What excites you most about Coriant and where Coriant is headed?

Nothing excites me more than seeing Coriant becoming part of our customers’ journeys and helping them with their imperatives. Of course, I’m pleased when we win and take market share – everybody does. But, what really excites me is seeing the results on the customer end, when I see their cost per bit drop dramatically, their acceleration into IoT, 5G, and alike. That’s what really jazzes me and that’s what drives all of us at Coriant, from our engineers to our amazing service people, and our incredible operations people to our R&D people, and the entire cast that supports everybody, in marketing and finance, with a sales team that really thinks the same way globally.

You have a very active social media presence. As you continue to run Coriant, how does that presence help you drive your own excitement to your customers and your teams across the world?

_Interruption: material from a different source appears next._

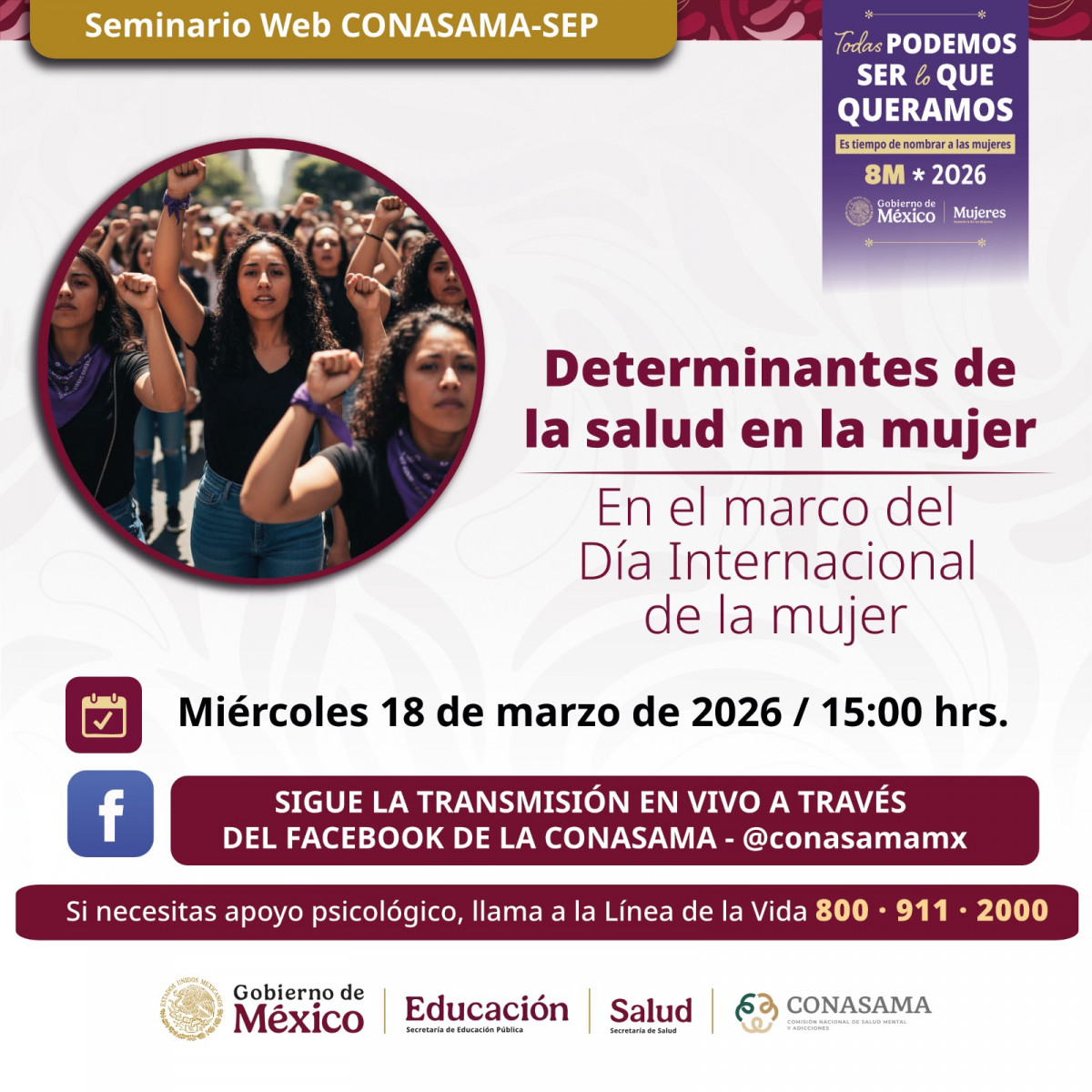 La Universidad Tecnológica de Altamira (UTALT) invita a su comunidad a seguir el Seminario Web “Determinantes de la salud en la mujer”, organizado por la CONASAMA y la Secretaría de Educación Pública, en el marco del Día Internacional de la Mujer.

I find it liberating as an individual but, much more importantly, for what we do. We had the insight many years ago that corporate and personal experiences were intersecting, so years ago, I started using consumerized tools that are easy, make sense to everybody and allow us to get the message out. More importantly, we quickly get feedback about what we’re bringing to market.

Obviously, you have to be mindful of confidentiality and privacy, but these tools can be extremely effective. Each one has different purposes. Twitter, LinkedIn, Facebook (News - Alert), Instagram... they all allow you to push out certain things and to engage and garner insight from your audience differently. Most people like to get their information as individuals and as professionals the same way, so why not use the same tools?